- Italian: Una buona stagione
- Genre: Family drama
- Written by: Valerio D'Annunzio; Massimo Torre; Stefano Voltaggio; Stefania Bertola;
- Directed by: Gianni Lepre
- Starring: Ricardo Dal Moro; Luisana Lopilato; Ottavia Piccolo; Jean Sorel;
- Country of origin: Italy
- Original language: Italian
- No. of episodes: 6

Original release
- Network: Rai 1
- Release: 1 April – 6 May 2014

= A Good Season =

Italian family drama television miniseries

A Good Season (Una buona stagione) is a 2014 Italian family drama television miniseries.

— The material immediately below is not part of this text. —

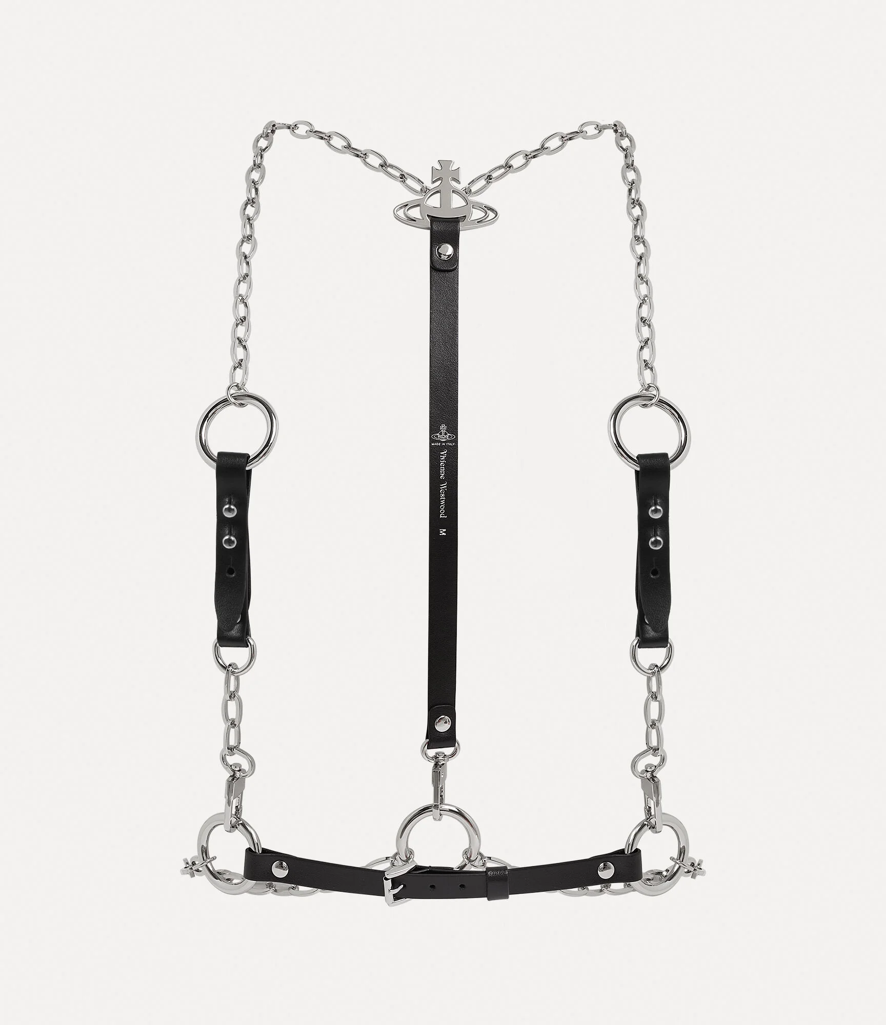 Our Chain harness features bondage-inspired elements, reminiscent of our ‘Erotic Zones' collection from Spring-Summer 1995. The silver-tone chain detail is finished with our classic orb branding, evoking Vivienne's vision of taking tradition into the future. Code: 82110001U-L002V--BLACK - Made in Italy - Hoop and stud detailing - Line orb motif - Polished hardware - Buckle fastening COMPOSITION - 100% Leather

It aired on Rai 1 from 1 April to 6 May 2014.

==Plot==
The series follows the Masci-Santangelo family, a family of esteemed winemakers from Trentino-Alto Adige.

==Cast==

- Ricardo Dal Moro as Andrea Masci
- Luisana Lopilato as Silvia Ferrari
- Luisa Ranieri as Bianca Guerrini
- Ottavia Piccolo as Emma Santangelo
- Jean Sorel as Michele Masci
- Ivano Marescotti as Neri Ferrari
- Francesca Valtorta as Marianne von Brurer
- Marina Giulia Cavalli as Olga von Brurer
- Alessandro Bertolucci as Iacopo Masci
- Anna Melato as Elisabetta Carli
- Michela Samantha Capitoni as Michela Ferrin
- Luca Calvani as Guido Vannini
- Ugo Dighero as Franz
- Gabriele Caprio as Paolo Masci
- Ludovica Gargari as Lavinia Masci
- Brando Pacitto as Lorenzo Picchio Lana
- Emily Shaquri as Isabella Masci
- Rodolfo Bigotti as Erich Broch
- Marco Mazzanti as Riccardo Masci
- Simona Caparrini as Avvocato Lucidi
- Mino Caprio as Notaio Lana

==Episodes==

| No. | Title | Original release date |
|---|---|---|
| 1 | "Episode 1" | 1 April 2014 |
| 2 | "Episode 2" | 8 April 2014 |
| 3 | "Episode 3" | 15 April 2014 |
| 4 | "Episode 4" | 22 April 2014 |
| 5 | "Episode 5" | 29 April 2014 |
| 6 | "Episode 6" | 6 May 2023 |

==Production==
The series was filmed in several parts of Trentino-Alto Adige, including Mezzocorona, the Lago di Toblino, and Madonna di Campiglio.